Além da história principal, durante nossa jornada encontraremos diversos NPCs que precisam de ajuda e será nossa heroína a responsável por concluir suas sidequests. Algumas possuem condições que exigem muita atenção e outras vão obrigar o jogador a revirar todos os cantos possíveis. Claro que não poderia faltar a clássica missão de entregar um item extremamente sensível que a qualquer impacto pode quebrar. Qualquer semelhança com os dois títulos de Hollow Knight não é mera coincidência. 

Constance

No aspecto visual, Constance brilha majestosamente. A arte 2D feita a mão é cheia de detalhes que acertam em cheio ao refletir a personalidade da nossa protagonista ao mesmo tempo em que conseguem ilustrar o seu estado mental – trechos que perderam a cor, lugares com “montes de ideias” descartados, entre outros. A ideia dos chefes serem uma representação física de seus medos e ansiedades também trazem ainda mais peso para o mundo construído. Já com relação à trilha sonora, tenho algumas ressalvas. As composições são muito boas e buscam trazer a vibe ideal para aquele local e situação, porém algumas não ressoaram o suficiente comigo. Em contrapartida as músicas das lutas de chefes são incríveis e refletem bem o conflito e dor que Constance está enfrentando, sendo de longe o ponto alto da trilha sonora. 
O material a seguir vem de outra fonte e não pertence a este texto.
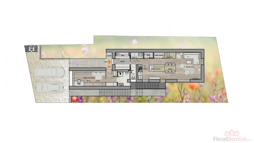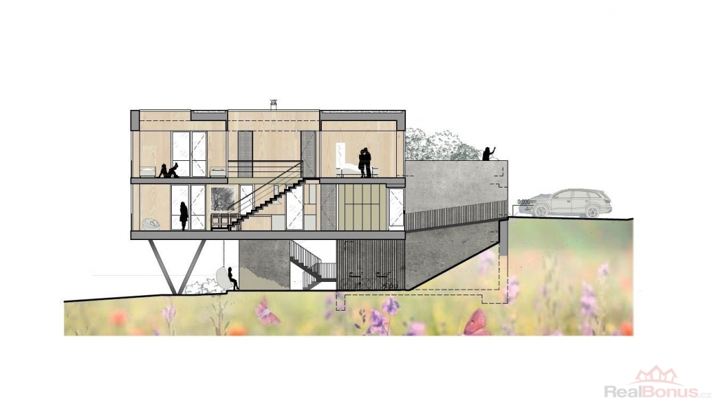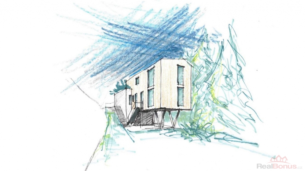 Připraven k realizaci vašeho vysněného bydlení - pro pozemek je již zpracována architektonická studie na stavbu samostatně stojícího rodinného domu 3+kk s ateliérem (kancelář), která umožňuje snadné a rychlé zahájení výstavby dle vašich představ.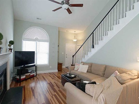 Beautiful 3br master down townhome style condo in fantastic N Raleigh location! Features hardwood floors, gas log fireplace, granite countertops, tile backsplash, and stainless appl in kitchen. Tons of storage in large walk in closets and garage. Master closet has beautiful wood organization system. Refrigerator, washer, and dryer incl! Deck overlooks private greenspace, unit at end of cul-de-sac! Walk to grocery, salons, dining, shopping! Hurry!

Constance é um metroidvania que não reinventa o gênero, mas que, de uma maneira muito madura e metafórica, traz uma discussão de um dos temas mais importantes do momento: o cuidado com a saúde mental. Sua duração é ideal, não ficando cansativo em momento algum. Por outro lado, seu excesso de linearidade acaba prejudicando a exploração, um dos elementos que considero primordiais no gênero. Os momentos desafiadores de plataforma e os chefes com dificuldade balanceada equilibram a experiência, fazendo sentido para um game que trabalha um tema tão delicado. No fim, Constance é uma obra com uma narrativa pesada, que pode nos tocar de forma mais profunda do que imaginamos, mas que deixa uma linda mensagem de que nem tudo está perdido.

Constance está disponível para PS5, Xbox Series, Switch 2, Switch e PC com legendas em português do Brasil. Esta análise é da versão PS5 e foi realizada com um código fornecido pela ByteRockers’ Games e PARCO GAMES.

Veredito

Constance é uma grata surpresa para os fãs do gênero e para quem busca narrativas profundas. Ele não revoluciona a fórmula consagrada por gigantes como Hollow Knight: Silksong, mas brilha ao usar suas mecânicas como uma poderosa metáfora sobre o esgotamento mental e o processo de cura. Apesar do excesso de linearidade, o game compensa com bons desafios de plataforma e boss fights equilibradas. Uma jornada que pode ser incômoda e pesada para alguns, mas que entrega uma recompensa final necessária: a esperança.